I forgive myself that I have accepted and allowed myself to disempower myself from being as effective as possible by wasting my time.  Thus, I forgive myself that I have accepted and allowed myself to create the illusion of power / self-empowerment by accepting and allowing anger and frustration reactions towards things and people of whom I have blamed for wasting my time – when I see, realize, and understand that it is only me that I can blame for wasting time and that reacting in anger and frustration is not real power, but only the illusion of power which means that I am mind-fucking myself within relation to my time by disempowering myself through wasting my time by accepting and allowing mind driven interruptions and then pretending to take my power back by reacting in anger and frustration.

I forgive myself that I have not accepted and allowed myself to see, realize, and understand that when my mind starts generating backchat and emotional experiences of boredom – that that means that the mind energy is low and needs recharging so that I can feel and experience being alive.  Within this, I forgive myself that I have not allowed myself to see, realize, and understand that this is an illusions of feeling bored, and like I am not living and not really the actual fact.  The actual fact is that boredom does not actually exist and that I am already alive within and as the physical as all as one as equal as who I am.  Thus, I forgive myself that I have not allowed myself to see, realize, and understand that when and as I am struck with thoughts and emotions of boredom and this is not enough and I need something more – that this is indicating that my mind is diminishing and that I am expanding – thus, this is where I step in and simply stop the mind and direct myself as the physical so that I can really live.

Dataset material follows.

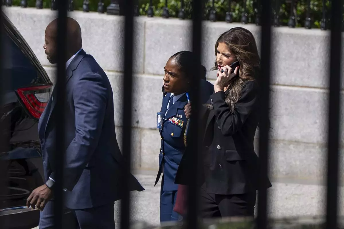 Homeland Security Secretary Kristi Noem, right, walks to the White House, Wednesday, April 30, 2025, in Washington. (AP Photo/Alex Brandon)

When and as I see myself in the midst of work or taking care of practical matters, wherein the key to my personal power and success is my ability to stay here within and as the breath / as the physical and simply move myself to finish the task at hand as effectively as possible, but then back-chat starts to emerge like “I need a break.  I am bored.  I need something more.  I just can’t sit here and do this because this is not really living, etc.” I stop and I breathe.  I see, realize, and understand that this is just the mind within its pre-programmed design and patterns that come up to entrap me and enslave me to it and to energy.  I see, realize, and understand that boredom does not exist, that I am already alive here as the physical, that within self-honesty what is best for all is to complete tasks as studiously and diligently as possible, and that I need nothing more than what is right here as me as my physical body and as the physical in its totality as me as all as one as equal, right here- that I am already here, fulfilled, living, and that boredom, missing out do not even exist.   I see, realize, and understand that by going into the mind, I disempowered myself and waste time of which creates memories that accumulate stress within and as me to a point where I eventually become frustrated and angry with whatever it is that I blame to be wasting me time – when in fact – I am the time waster when and as I go into the mind and remove myself from here.  I thus commit myself to stop my mind / my backchat – remind myself that I am here, complete, and fulfilled already within who I am as the physical as this total existence here as who I am and that what I do or spend my time doing does not take away from the fact that I am already living and complete, here as the physical. Thus, I commit myself to simply stop and delete that backchat, breathe through the emotions of resistance, and boredom to assist myself to clear myself of them – and then I direct myself to stand up and complete the task at hand as diligently as possible so that I become and enable myself to be the director of time and self here in every moment thus relieving stress and taking absolute self responsibility.